The task |
The reply must consist of the complete listing, reproduced exactly, with no images included.

[Start of Attachment]

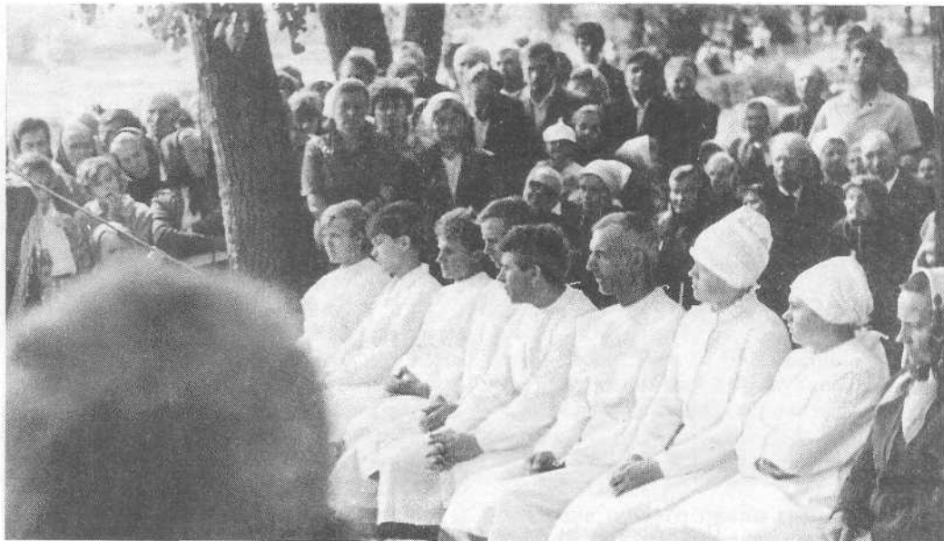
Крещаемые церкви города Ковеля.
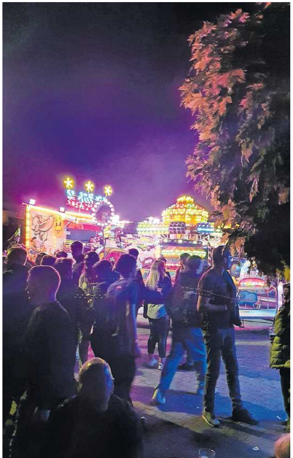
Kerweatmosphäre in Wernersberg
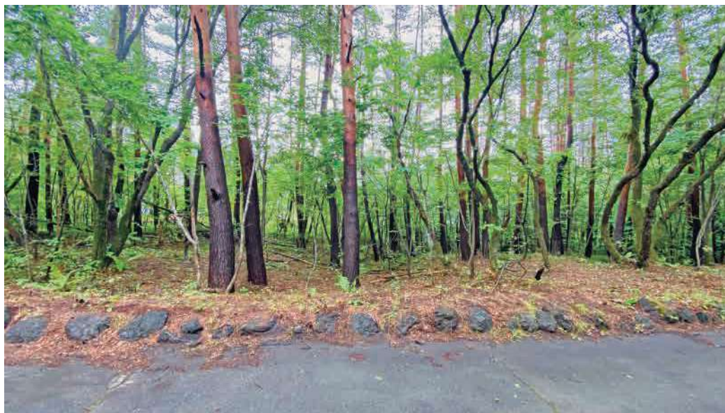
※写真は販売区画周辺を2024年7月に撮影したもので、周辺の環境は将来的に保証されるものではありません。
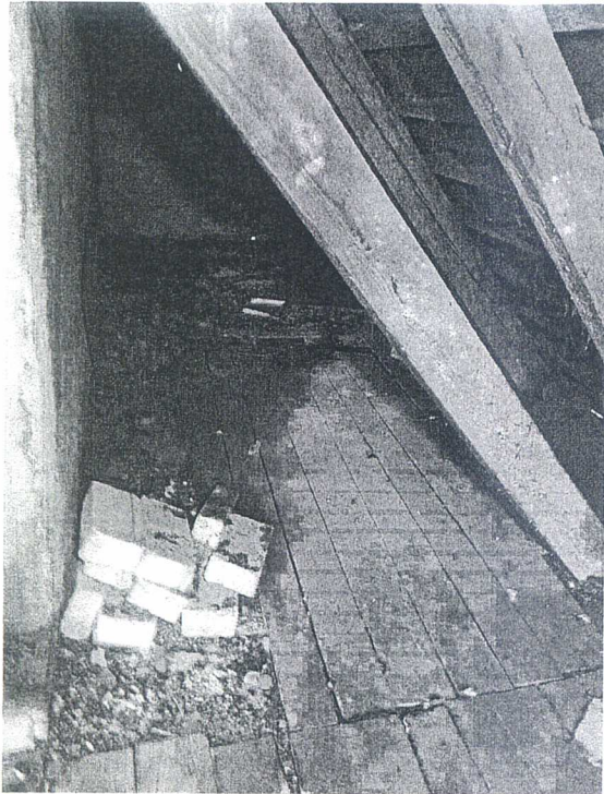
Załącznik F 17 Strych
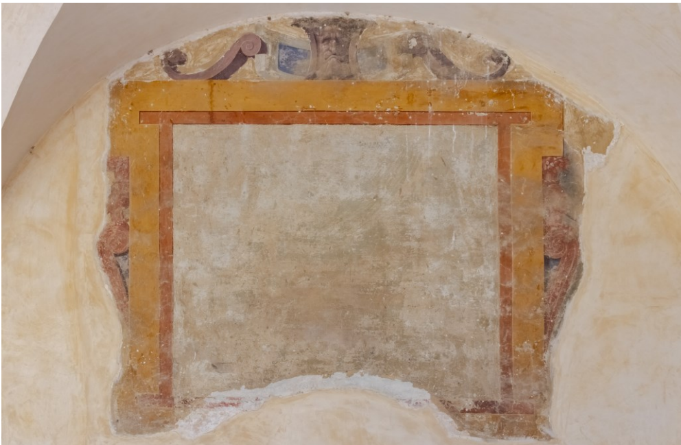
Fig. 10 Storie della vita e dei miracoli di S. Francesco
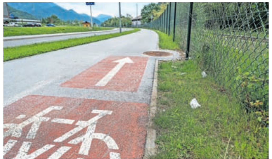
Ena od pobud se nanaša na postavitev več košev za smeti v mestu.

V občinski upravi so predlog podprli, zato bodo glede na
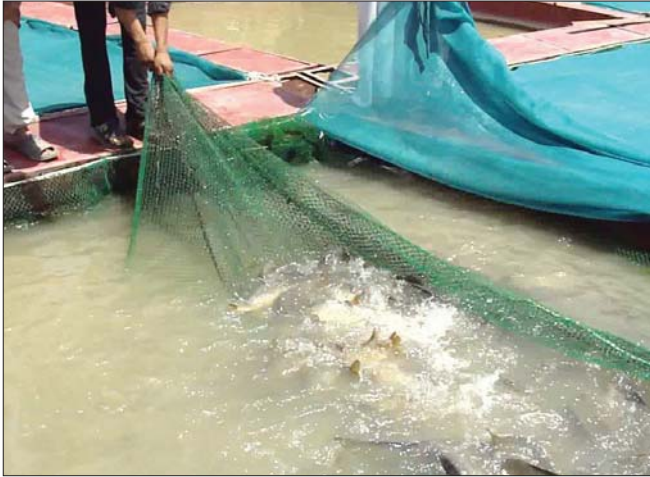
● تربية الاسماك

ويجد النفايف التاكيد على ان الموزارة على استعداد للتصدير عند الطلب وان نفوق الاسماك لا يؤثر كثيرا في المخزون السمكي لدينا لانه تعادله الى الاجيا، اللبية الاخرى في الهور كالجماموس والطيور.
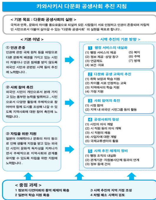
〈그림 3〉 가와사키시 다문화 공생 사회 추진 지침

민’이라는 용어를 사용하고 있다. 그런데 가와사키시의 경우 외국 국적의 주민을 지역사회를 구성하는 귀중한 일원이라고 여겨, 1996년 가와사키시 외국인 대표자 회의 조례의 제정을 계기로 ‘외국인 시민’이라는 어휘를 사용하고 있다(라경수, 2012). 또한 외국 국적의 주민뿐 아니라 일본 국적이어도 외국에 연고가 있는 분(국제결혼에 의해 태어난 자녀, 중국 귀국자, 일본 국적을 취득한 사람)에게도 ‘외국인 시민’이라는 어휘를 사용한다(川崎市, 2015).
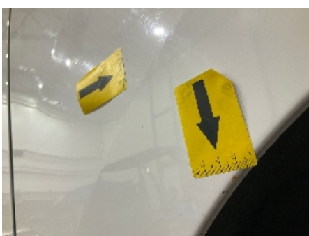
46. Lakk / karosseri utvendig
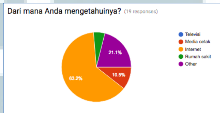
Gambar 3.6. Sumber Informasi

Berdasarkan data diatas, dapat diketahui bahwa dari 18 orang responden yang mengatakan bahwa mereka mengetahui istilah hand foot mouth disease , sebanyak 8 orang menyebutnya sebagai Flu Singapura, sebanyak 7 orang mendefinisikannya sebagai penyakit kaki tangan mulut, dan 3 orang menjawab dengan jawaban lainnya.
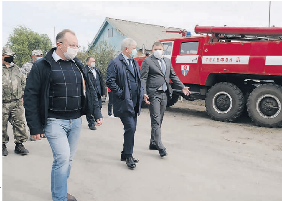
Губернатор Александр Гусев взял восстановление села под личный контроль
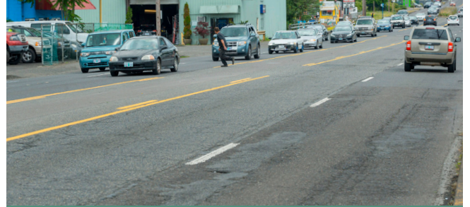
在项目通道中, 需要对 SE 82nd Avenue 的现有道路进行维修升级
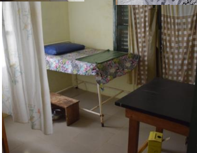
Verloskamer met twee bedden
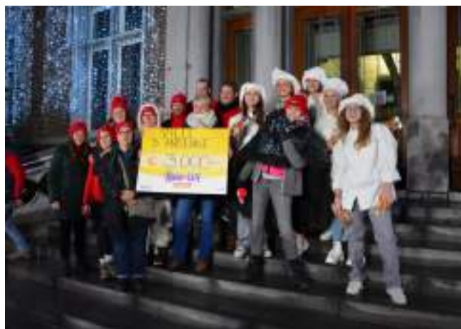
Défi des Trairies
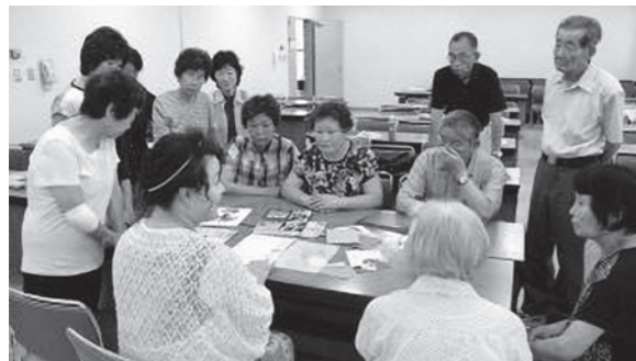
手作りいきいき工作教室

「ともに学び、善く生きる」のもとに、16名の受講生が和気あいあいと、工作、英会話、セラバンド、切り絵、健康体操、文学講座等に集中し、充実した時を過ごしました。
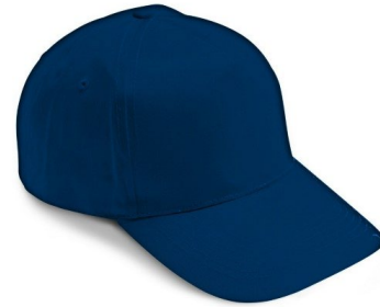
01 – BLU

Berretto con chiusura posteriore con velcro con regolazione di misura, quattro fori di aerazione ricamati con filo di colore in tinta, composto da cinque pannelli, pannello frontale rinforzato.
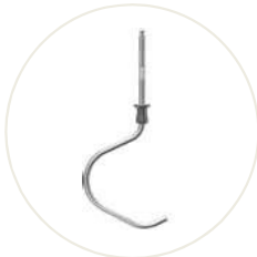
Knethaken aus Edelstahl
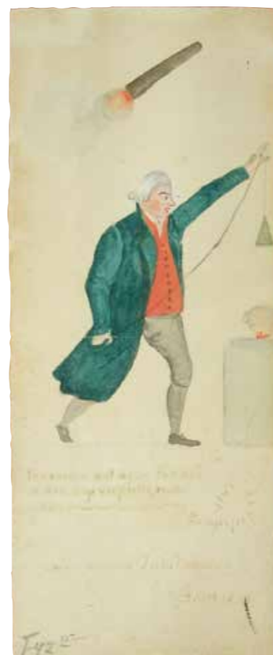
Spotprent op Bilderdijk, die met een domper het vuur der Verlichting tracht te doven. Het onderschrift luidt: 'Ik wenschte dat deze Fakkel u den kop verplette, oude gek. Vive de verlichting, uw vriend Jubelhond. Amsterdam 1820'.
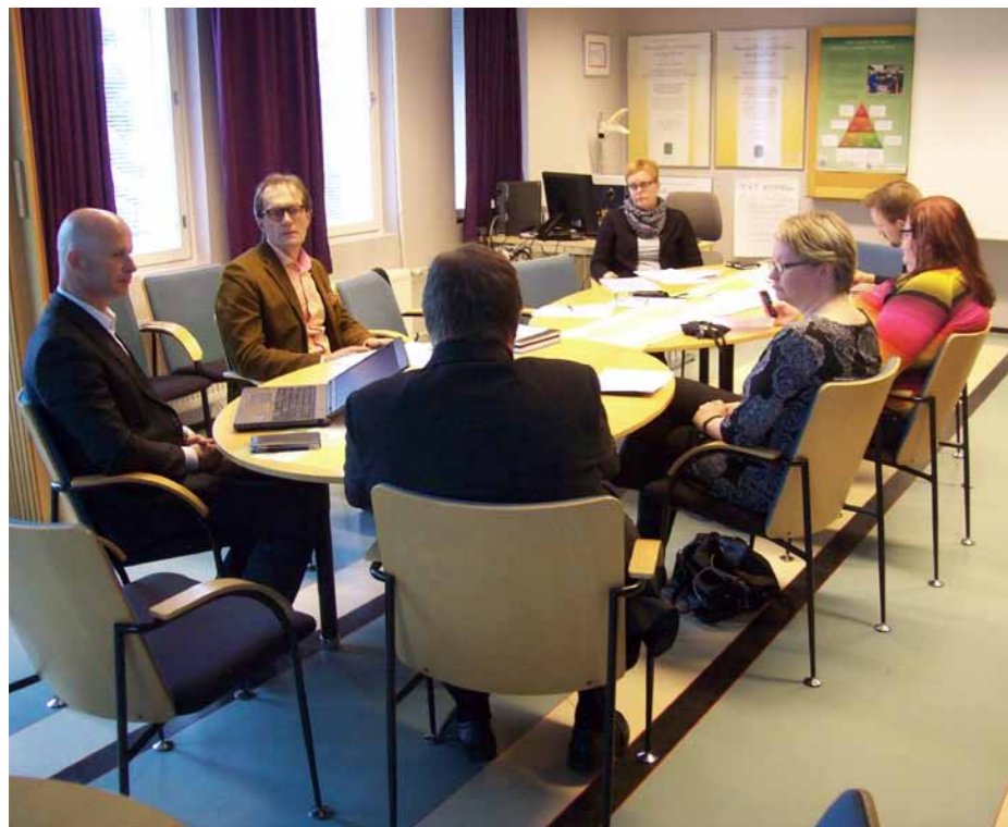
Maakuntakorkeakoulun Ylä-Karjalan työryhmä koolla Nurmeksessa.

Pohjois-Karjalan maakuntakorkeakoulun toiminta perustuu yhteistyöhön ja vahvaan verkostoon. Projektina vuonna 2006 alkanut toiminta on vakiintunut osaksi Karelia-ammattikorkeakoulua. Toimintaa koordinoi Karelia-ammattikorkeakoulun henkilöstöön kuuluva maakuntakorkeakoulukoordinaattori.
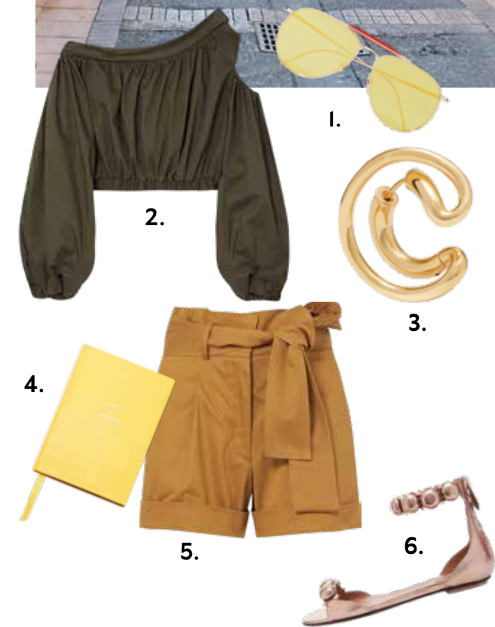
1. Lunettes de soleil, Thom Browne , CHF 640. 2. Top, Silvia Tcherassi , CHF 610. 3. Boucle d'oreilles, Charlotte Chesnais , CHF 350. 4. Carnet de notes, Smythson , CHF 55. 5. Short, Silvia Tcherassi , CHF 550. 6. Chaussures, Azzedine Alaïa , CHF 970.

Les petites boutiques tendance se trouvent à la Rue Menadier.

[End of Attachment]

Expected answer |
Крещаемые церкви города Ковеля.
Kerweatmosphäre in Wernersberg
※写真は販売区画周辺を2024年7月に撮影したもので、周辺の環境は将来的に保証されるものではありません。
Załącznik F 17 Strych
Fig. 10 Storie della vita e dei miracoli di S. Francesco
Ena od pobud se nanaša na postavitev več košev za smeti v mestu.

V občinski upravi so predlog podprli, zato bodo glede na
● تربية الاسماك

ويجد النفايف التاكيد على ان الموزارة على استعداد للتصدير عند الطلب وان نفوق الاسماك لا يؤثر كثيرا في المخزون السمكي لدينا لانه تعادله الى الاجيا، اللبية الاخرى في الهور كالجماموس والطيور.
〈그림 3〉 가와사키시 다문화 공생 사회 추진 지침

민’이라는 용어를 사용하고 있다. 그런데 가와사키시의 경우 외국 국적의 주민을 지역사회를 구성하는 귀중한 일원이라고 여겨, 1996년 가와사키시 외국인 대표자 회의 조례의 제정을 계기로 ‘외국인 시민’이라는 어휘를 사용하고 있다(라경수, 2012). 또한 외국 국적의 주민뿐 아니라 일본 국적이어도 외국에 연고가 있는 분(국제결혼에 의해 태어난 자녀, 중국 귀국자, 일본 국적을 취득한 사람)에게도 ‘외국인 시민’이라는 어휘를 사용한다(川崎市, 2015).
46. Lakk / karosseri utvendig
Gambar 3.6. Sumber Informasi

Berdasarkan data diatas, dapat diketahui bahwa dari 18 orang responden yang mengatakan bahwa mereka mengetahui istilah hand foot mouth disease , sebanyak 8 orang menyebutnya sebagai Flu Singapura, sebanyak 7 orang mendefinisikannya sebagai penyakit kaki tangan mulut, dan 3 orang menjawab dengan jawaban lainnya.
Губернатор Александр Гусев взял восстановление села под личный контроль
在项目通道中, 需要对 SE 82nd Avenue 的现有道路进行维修升级
Verloskamer met twee bedden
Défi des Trairies
手作りいきいき工作教室

「ともに学び、善く生きる」のもとに、16名の受講生が和気あいあいと、工作、英会話、セラバンド、切り絵、健康体操、文学講座等に集中し、充実した時を過ごしました。
01 – BLU

Berretto con chiusura posteriore con velcro con regolazione di misura, quattro fori di aerazione ricamati con filo di colore in tinta, composto da cinque pannelli, pannello frontale rinforzato.
Knethaken aus Edelstahl
Spotprent op Bilderdijk, die met een domper het vuur der Verlichting tracht te doven. Het onderschrift luidt: 'Ik wenschte dat deze Fakkel u den kop verplette, oude gek. Vive de verlichting, uw vriend Jubelhond. Amsterdam 1820'.
Maakuntakorkeakoulun Ylä-Karjalan työryhmä koolla Nurmeksessa.

Pohjois-Karjalan maakuntakorkeakoulun toiminta perustuu yhteistyöhön ja vahvaan verkostoon. Projektina vuonna 2006 alkanut toiminta on vakiintunut osaksi Karelia-ammattikorkeakoulua. Toimintaa koordinoi Karelia-ammattikorkeakoulun henkilöstöön kuuluva maakuntakorkeakoulukoordinaattori.
1. Lunettes de soleil, Thom Browne , CHF 640. 2. Top, Silvia Tcherassi , CHF 610. 3. Boucle d'oreilles, Charlotte Chesnais , CHF 350. 4. Carnet de notes, Smythson , CHF 55. 5. Short, Silvia Tcherassi , CHF 550. 6. Chaussures, Azzedine Alaïa , CHF 970.

Les petites boutiques tendance se trouvent à la Rue Menadier.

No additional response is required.